For a Hungarian it is so obvious to call this game fej vagy írás, “head or script” that he would not believe if somebody told him that no other people says it exactly like this. The Germans say Kopf oder Zahl, the Spaniards and Italians Cara o cruz and Testa o croce, the Poles – just like Russians, and obviously after the same kopeiki – Orzeł czy reszka, the Irishmen Head or harps, the Greeks Κορώνα η γράμματα (crown or script), and the ancient Latins Navia aut caput (ship or head [of Janus]), depending on the actual designs of their coins. The most absurd one is the English Heads or tails, where “tails” does not refer to the image on the reverse, but as we read it in the 1870 edition of Brewer’s Dictionary of Phrase and Fable, “is the opposite and obvious reverse to heads. The expression ‘can’t make head nor tail of it’ expresses this concept of opposites”.

If the Russian simplefolk were wealthy enough, then instead of kopeiki they could have played the game also with poltiniks (half-rubles), and thus call it “head or eagle” or even “one head or double-head”. But then they certainly would have had some different festive entertainment.

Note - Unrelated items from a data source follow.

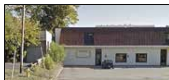
420 Whitehall Road N. Muskegon | $12 PER SQFT
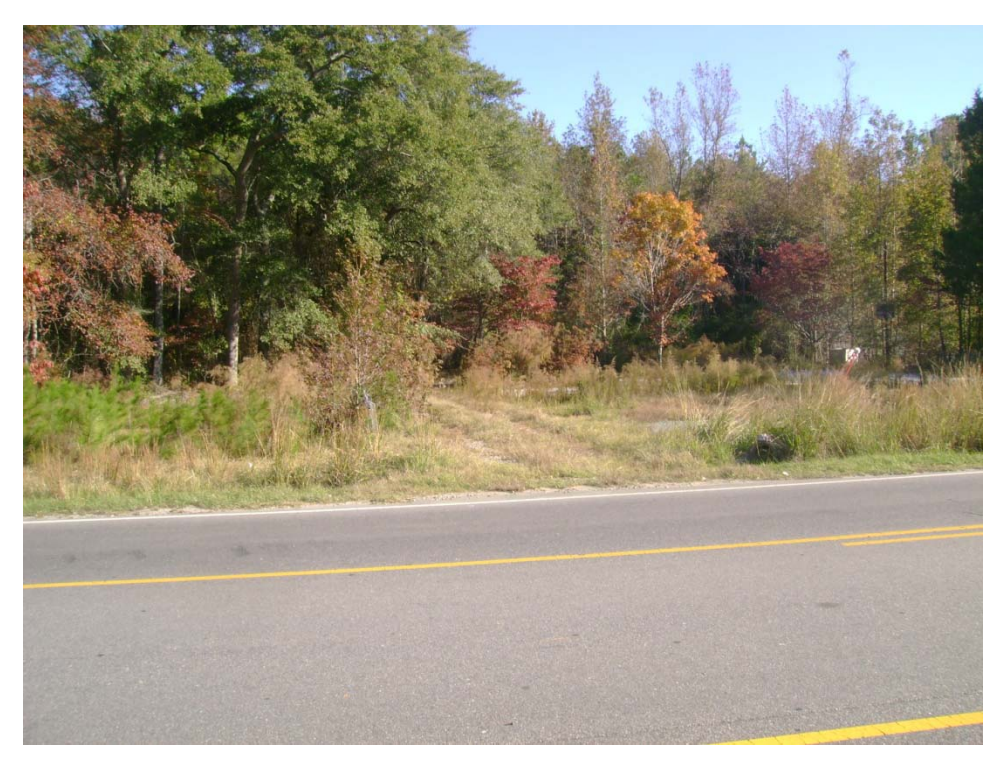
Parcel 902 – NCDOT Property, looking northeast
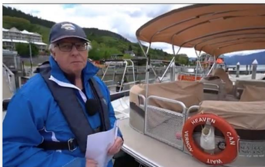
Video 2 - Safety Equipment
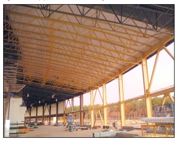
Fig. 7: Exposed steel and decking being painted in pentant 3.

The Chilled Water Plant Expansion is entering system test and start-up ahead of schedule, and will likely be ready to deliver chilled water several months earlier than required. The chilled water piping is installed and tested and ready to bring chilled water to the NSLS-II site when needed. Site restoration in the areas affected by the pipe installation is underway. The electrical substation will enable permanent power to be available to the site in late November.
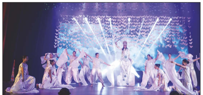
Peace at it's Peak

“If on a Sunday you looked down from the hill, you could only see the restless groups of those playing “heads or tails” everywhere. Now they bend down to throw money in the center of the circle or to clean up the winnings, now the toss their heads to stare at the sky, with their eyes following the path of the way of the petak [five kopeks], and then running violently to where it fell on the ground. If the head is up, then only the thrower bends down to pick up all the money, while the others dig out new stake from their pockets and erect new columns of copper and silver coins, with the silver ones on the top so it could be clearly seen how much money it is. The thrower examines the towers, and if the value exceeds the power of his purse, he lets removed from it, but if his pocket can bear it, he says: “I hold it!” He spits on the head – this is a kind of superstition – and rubs it to the sole of his boot, then he throws with an expert hand the petak, which is spinning whistling in the air, it is almost lost from sight, and the crowd once again raise their heads upwards. – “They are praying for rain” – the kibitzes say.”
V. A. Gilyarovsky: Мои скитания (My Travels), “The Theatre”

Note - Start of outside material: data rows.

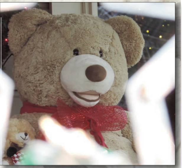
OAK Street Hotel lights frame a teddy bear on the porch.
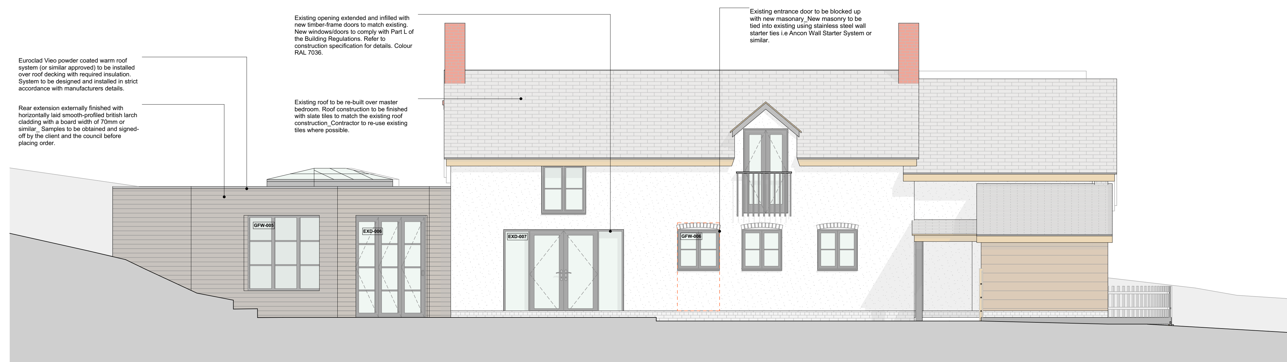
E3_Side Elevation 1:50
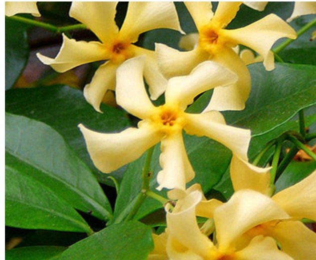
Lonicera japonica 'Halliana'
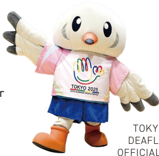
TOKYO 2025 DEAFLYMPICS OFFICIAL MASCOT, Yuriito
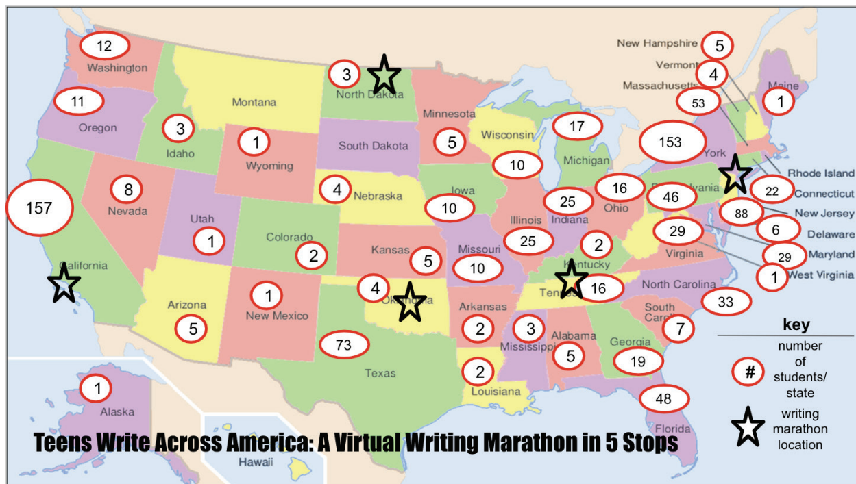
FIGURE 2 The black stars on the map represent the National Writing Project sites that hosted marathon stops, and the red circles indicate the number of participants from each state.
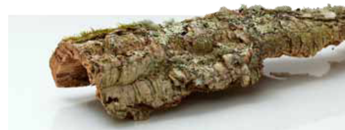
Virgin Cork Flat 12707
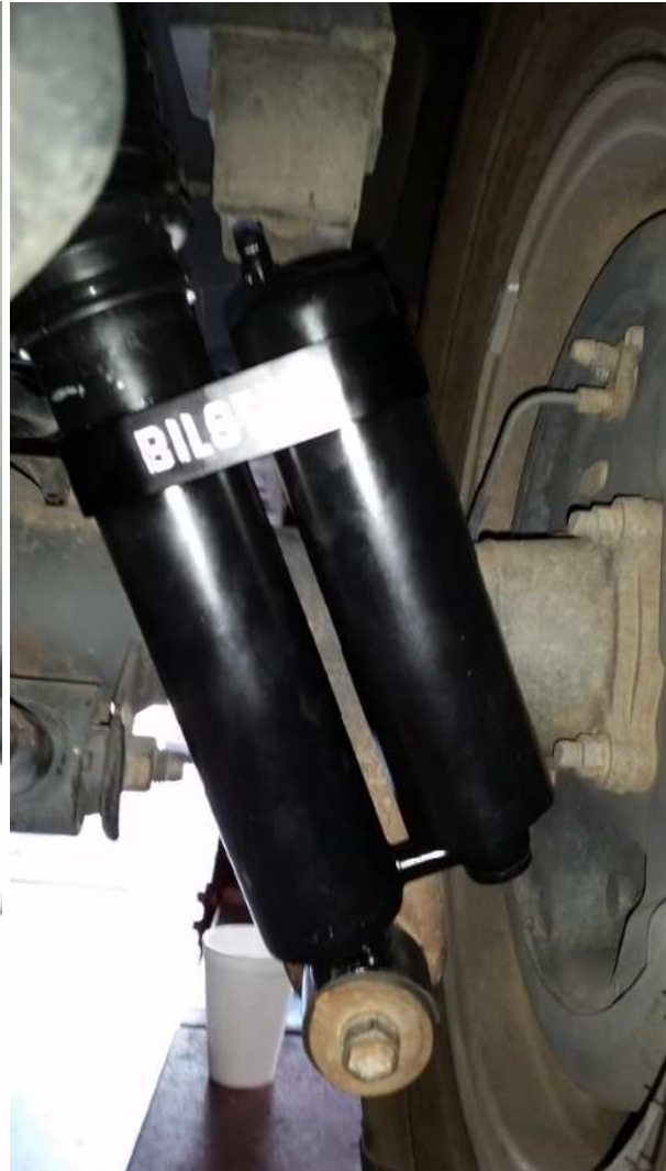
Figure 3 – LEFT REAR (looking towards the rear)

Note: The shocks depicted herein differ slightly in appearance from the supplied components.
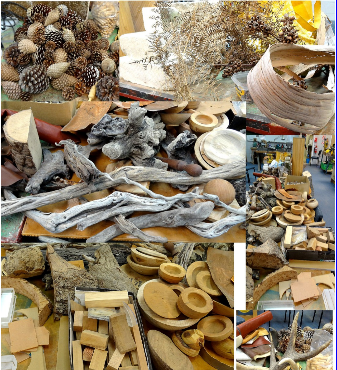
Raw Materials for the Participation Weekend with a Recycling theme

Photos from the weekend on Pages 3 to 8.

According to the inscription on the back of the postcard, the picture was taken on the territory of the Ленскiй Горный Округъ, the Lensk Mining District. The town of Lensk was founded along the Siberian river of Lena on the place of an Evenki settlement called Mukhtua which means “large water”. In the 19th and 20th century it was one of the centers of political prisoners sent to Siberian exile, and a number of various mines operated in its neighborhood. Such was also the Феодосьевский прiискъ, Feodosev Mine to be seen on the photo. In local histories one could certainly find more data about it, but on the internet it has only a single occurrence. It is frozen, like an archive photo, into the sample sentence taken from Soviet writer Vissarion Sayanov with which the Russian academic dictionary and its offsprings have illustrated the verb смочь, “can” since 1957:

Вскоре Чердынцев смог вернуться на Феодосьевский прииск.
Cherdintsev could soon return to the Feodosev Mine.

Perhaps he is already there on the picture.

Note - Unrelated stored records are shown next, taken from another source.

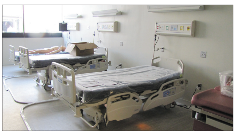
This simulation room contains all of the components of an actual hospital room. Here, nursing students will learn practical skills.
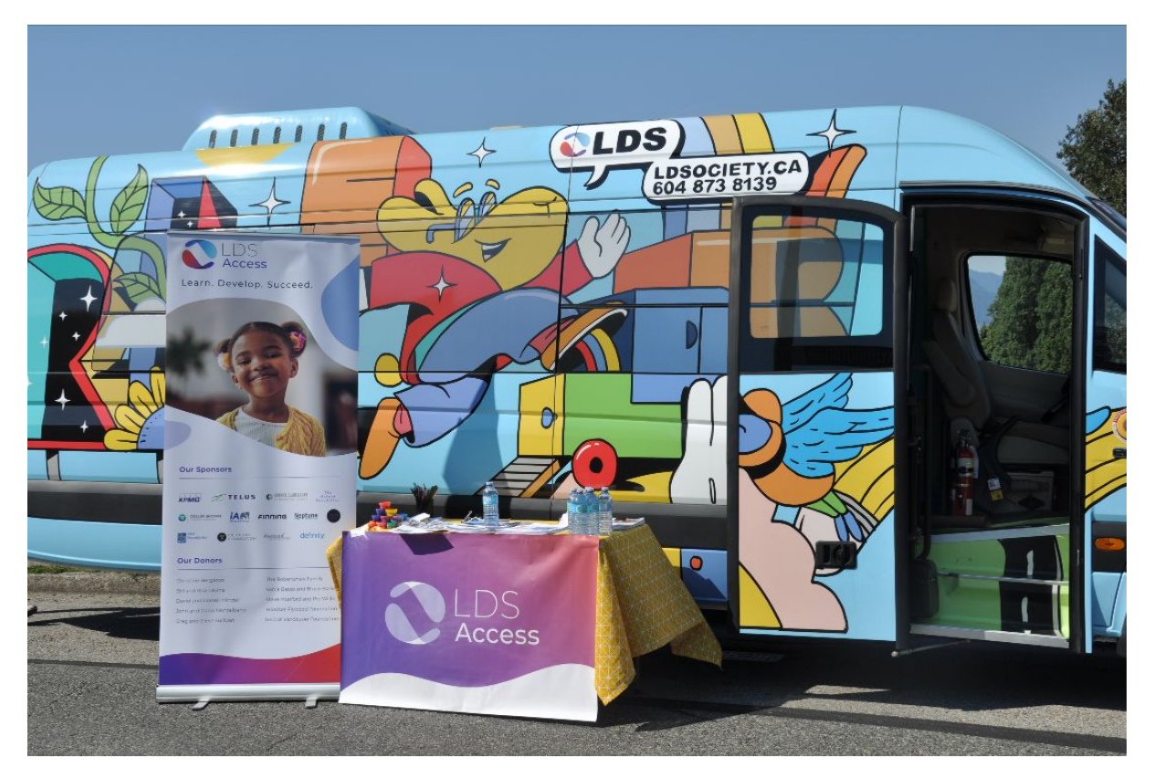
LDS Access: A mobile classroom in your neighbourhood!

Our LDS Access mobile classroom has been out in the community serving students and doing outreach all summer! We have some availability to come to your neighbourhood this autumn or winter! Get in touch at <a href="mailto:jennf@ldsociety.ca">jennf@ldsociety.ca</a> to discuss this inspiring and innovative option to bring our expert learning support to your community or school.
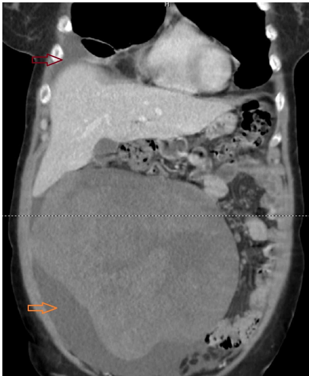
FIGURE 2: CT image, coronal view. A 21-cm abdominopelvic heterogeneous mass with clear borders and unclear origin – uterus versus ovary – is seen. Small amounts of peritoneal (orange arrow) and pleural fluid (red arrow) are observed. No lymphadenopathies were noted.

During the hospital admission, she reported increasing dyspnea due to accumulation of the pleural effusion that relieved after a therapeutic thoracentesis. A median laparotomy was performed. A 21-cm right adnexal solid mass with smooth and pearly appearance (Figure 3) and another 3-cm mass in the left ovary were noted and removed. The intraoperative pathologies of both masses were suggestive of ovarian fibroma, later confirmed by the examination of the whole piece. There were no other significant findings in the surgical exploration.
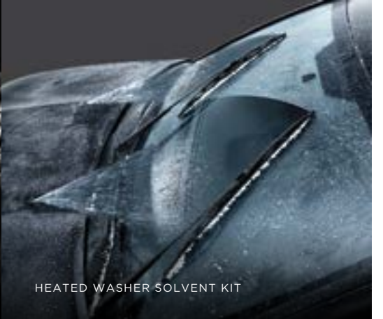
HEATED WASHER SOLVENT KIT

From late 19th century a number of Russian companies of photography found it profitable to publish postcards on Siberian towns and landscapes. There were surely several photos taken on the territory of the Lensk Mining District as well, if this one is numbered as 58. Eight further ones can be seen on the portal devoted to the vintage postcards of the Russian Empire.


The sender of the postcard informs Anna Alexandrovna that if all goes well, he will arrive between 20 and 22 August to St. Petersburg. The date of the postcard is 28 July 1914.

The next day at five o’clock in the morning the general mobilization was ordered in Russia.